Aim of the intervention
In 2005 the city’s executive body, the Senate of Berlin, called for entries in a competition for projects to adapt the former ULAP fair precinct to its new context, now defined by the newly-built administrative district and the recently-opened railway station. The intervention was to bring about a subtle ordering of the zone while respecting the natural character it had spontaneously acquired so that it would articulate, as a kind of green vestibule, the relationship between these two new realities. To this effect, an investment of over a million euros was earmarked for recovering the former access zone to the park, which was still presided over by the old stairway and given the name of ULAP-platz in memory of the fairground that had once existed there.Description
As if establishing a homothety with the former fairground that contains it, the new ULAP-platz has a triangular perimeter defined by the oblique meeting of the Hauptbanhof railway lines with Alt-Moabit Avenue. Both road and railway lines run at a height of four metres above the ground of the ULAP-platz and the difference in level is negotiated by the old stairway. Broken up by the roots of trees, its steps have been left as they were but a parallel stairway has been built beside it obeying the same rhythm of the stairway sections and landings. Both old and new stairways are built on what is known as "Mont-ULAP", a gentle hemispheroidal promontory, populated by the pre-existing trees and constituting one of the three sections into which the project area has been divided.The other two sections have been dubbed the “Green Hall” and ULAP-Square”. The former is a forest with topsoil over which a number of parallelpipedic benches have been distributed.

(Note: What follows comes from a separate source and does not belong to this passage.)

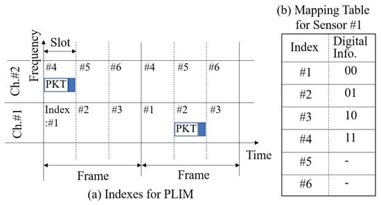 PLIM is an index modulation technique where the index is determined by the transmission timing and frequency channel of the packet. Figure 1a shows the relationship between the channel and time. The frame is divided into short, equally spaced segments called slots, with each slot being shorter than the frame length but longer than the packet length. The frame start time for each sensor is detected using a synchronization signal from the GW. Each sensor sets the waiting time for packet transmission in slots from the frame’s start time, allowing them to select a specific slot for packet transmission by adjusting their transmission waiting time. Moreover, multiple orthogonal frequency channels are prepared, and sensors autonomously select one channel each. Consequently, the total number of indices that can be formed is the product of the total number of frequency channels and the total number of time slots. The digital information is assigned to the index formed in this manner, a process called mapping table. Figure 1b presents an example of a mapping table. Each sensor can independently set its own mapping.
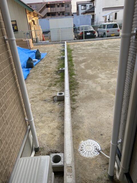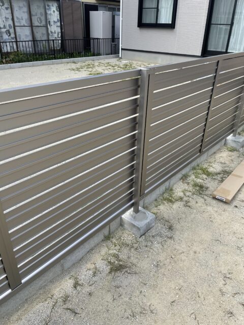 一部隣地と共同のためブロック上にフェンスを施工出来ないため境界の内側に独立基礎を使用しフェンスを取り付ける提案をさせていただきました。

These benches are covered in wooden slats separated by narrow cracks that emit light at night. All the trees, like those of “Mont-ULAP”, have been conserved and pruned. The paved, treeless ULAP-platz resolves the meeting of the fairground site with nearby buildings. A paved pathway follows the base of the raised viaduct leading to the Hauptbanhof.
Assessment
By means of subtle, contained operations that both tidy up the space and make it accessible, this intervention has been able to fix the site’s idiosyncrasy at a particular time in its own evolution, halfway between the splendour of ULAP and its subsequent decadence. This means that the place is pervaded with the memory of the historic event that generated it while also maintaining the beauty of the forest that was eventually to colonise it.David Bravo Bordas, architect
[Last update: 02/05/2018]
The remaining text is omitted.